I lose my footing and bring my heel down on the toe of Milo’s shoe.
“Be careful.” He steps back.
“What would you do if I died?” I ask.
“Where the fuck did that come from?”
I shrug. “I just want to know. Have you ever thought about it?”
I glance at him. He’s staring at the ground, like he’s spacing out. He stays like that for so long, I think I’ll have to wave my hand in front of his face to bring him back, but I don’t.
“No,” he finally says. “I haven’t thought about it.”
“So think about it now.”
“Stop it.”
Moonlight is cast across the floating heads in the lake and there’s nothing truly interesting about it. Missy swims next to Dale Mugford.
“Is that what you like?” I ask Milo.
“What?”
I point in Missy’s direction. “That’s what you like.”
He doesn’t say anything. I kick a little dirt at him and take my sandals off, curling my toes into the grit and grass that bleed down into a dirty bank that turns into the water. I should go in. I imagine myself swimming, all my clothes on and how heavy they’d feel.

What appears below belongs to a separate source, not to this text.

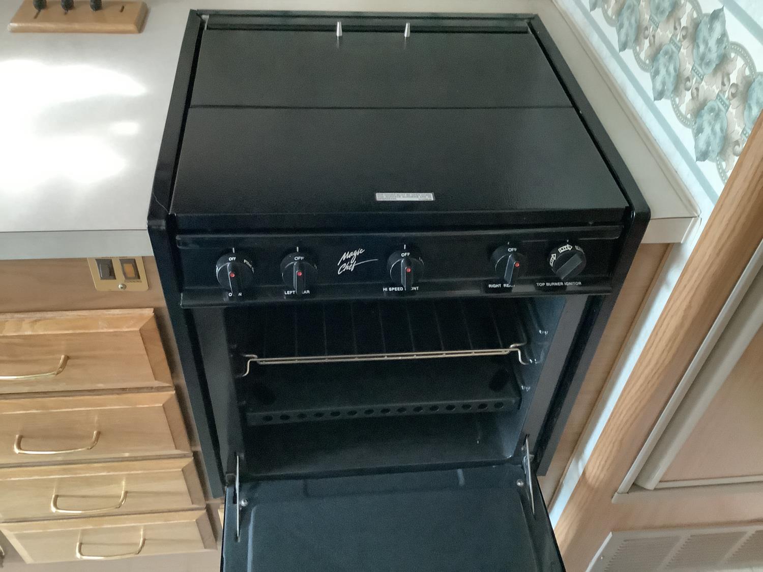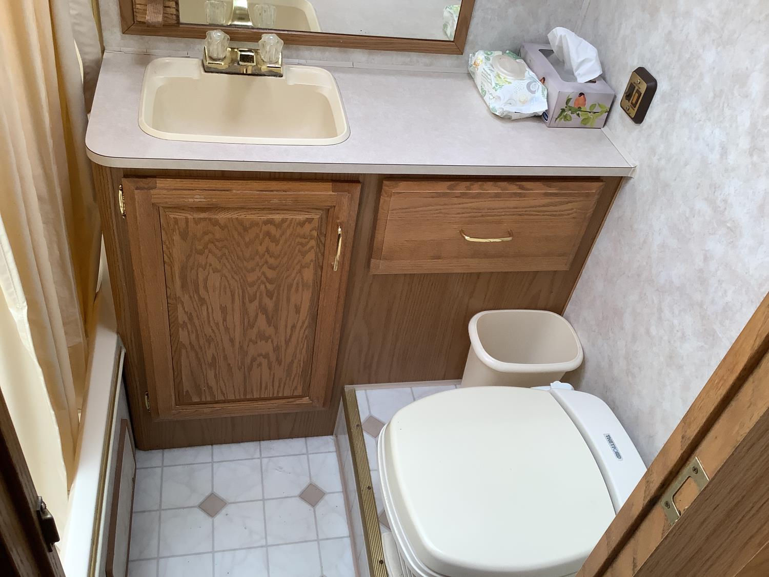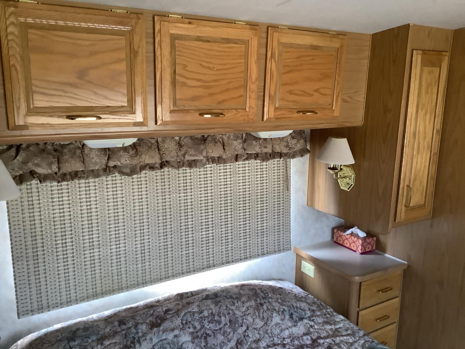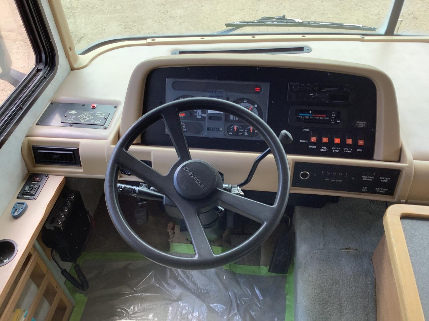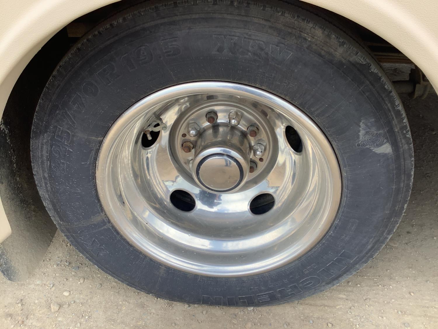 This motorhome has a GM V8 gas engine. automatic transmission, air conditioning, heated power mirrors, furnace, power leveling jacks, back up camera, microwave, oven, oven fan, TV, full fridge with top freezer, full bathroom, full size rear bedroom, all manuals, Onan generator model 4000 with only 106 hrs, comes with cords, tools and camping equipment, hydraulic brakes, rear duals,

I imagine diving under, swimming down, down, down with my eyes open and not being able to see anything in front of me. Not even my hands. I imagine forcing myself farther down, until I feel weeds everywhere, brushing the sides of my arms, my feet, and then I’m surrounded. Tangled up in them so bad the lake would have me forever. I imagine drowning and what that would feel like, if I’d be scared. If I’d let it happen or if I’d fight it. I read in a book once you can’t drown yourself. Your body will fight to survive, whether you want to or not.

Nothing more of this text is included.